### Task data:
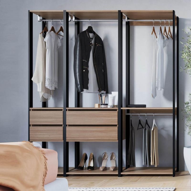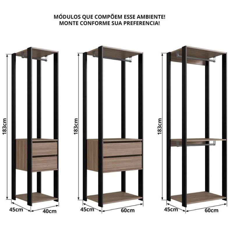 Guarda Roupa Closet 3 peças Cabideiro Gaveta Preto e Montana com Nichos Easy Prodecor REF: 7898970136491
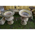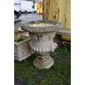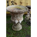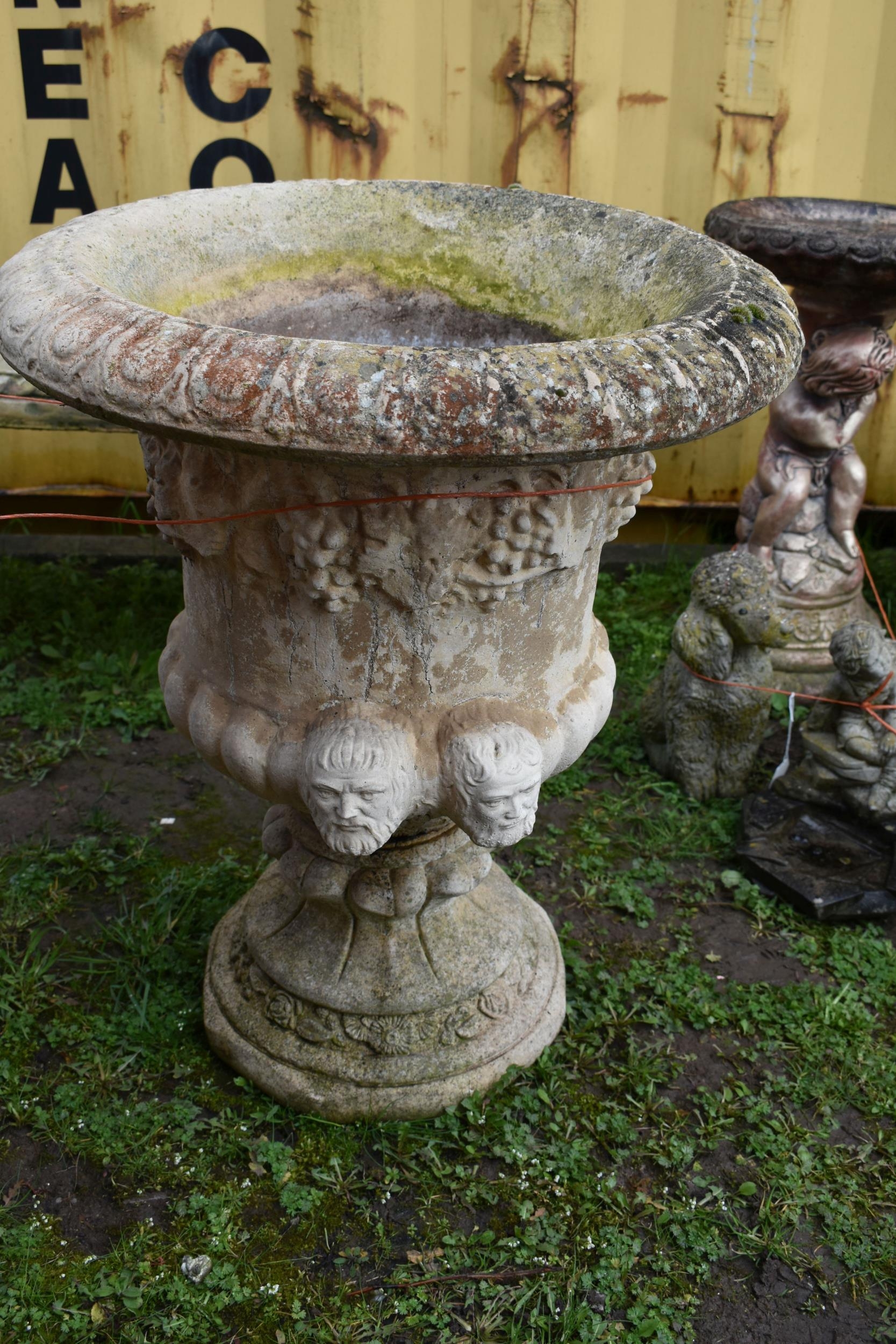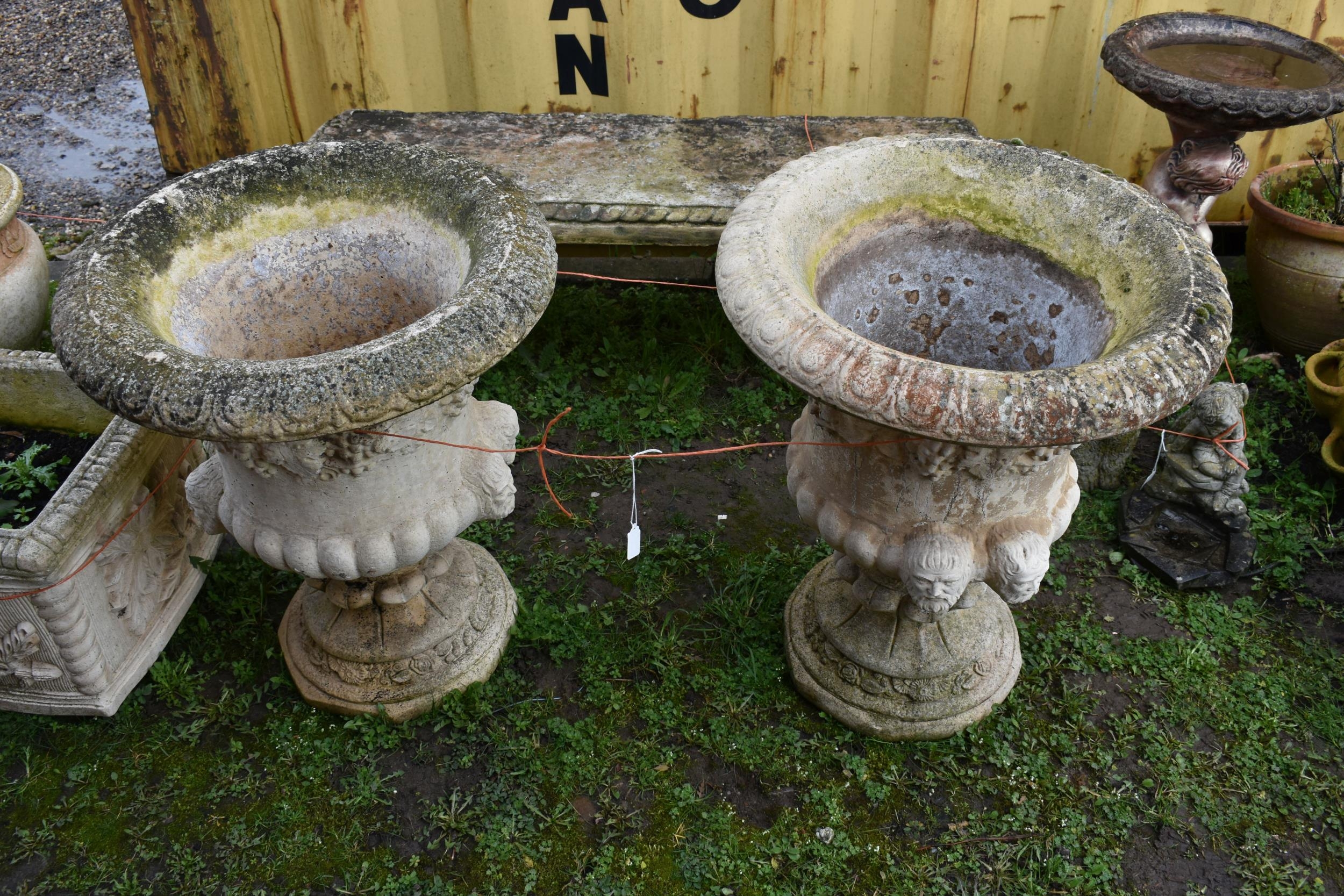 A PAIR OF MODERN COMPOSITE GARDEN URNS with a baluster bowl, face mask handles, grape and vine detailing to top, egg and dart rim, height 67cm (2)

---

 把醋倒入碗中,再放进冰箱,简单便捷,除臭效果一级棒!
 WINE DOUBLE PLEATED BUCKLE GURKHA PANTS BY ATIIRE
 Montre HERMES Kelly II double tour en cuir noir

--

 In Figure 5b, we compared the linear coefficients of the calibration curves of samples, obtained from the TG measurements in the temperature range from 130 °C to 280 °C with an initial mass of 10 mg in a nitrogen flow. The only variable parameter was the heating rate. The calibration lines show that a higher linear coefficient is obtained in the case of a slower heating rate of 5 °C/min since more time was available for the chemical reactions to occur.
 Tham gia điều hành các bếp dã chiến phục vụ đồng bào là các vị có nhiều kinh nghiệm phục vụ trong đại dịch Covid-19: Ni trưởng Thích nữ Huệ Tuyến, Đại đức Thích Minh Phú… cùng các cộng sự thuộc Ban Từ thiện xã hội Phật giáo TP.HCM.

### Task to complete:
From the records above, copy out the line with "In Figure 5b, we", the line with "Tham gia điều", and every line between them, word for word.

### Your response:
 In Figure 5b, we compared the linear coefficients of the calibration curves of samples, obtained from the TG measurements in the temperature range from 130 °C to 280 °C with an initial mass of 10 mg in a nitrogen flow. The only variable parameter was the heating rate. The calibration lines show that a higher linear coefficient is obtained in the case of a slower heating rate of 5 °C/min since more time was available for the chemical reactions to occur.
 Tham gia điều hành các bếp dã chiến phục vụ đồng bào là các vị có nhiều kinh nghiệm phục vụ trong đại dịch Covid-19: Ni trưởng Thích nữ Huệ Tuyến, Đại đức Thích Minh Phú… cùng các cộng sự thuộc Ban Từ thiện xã hội Phật giáo TP.HCM.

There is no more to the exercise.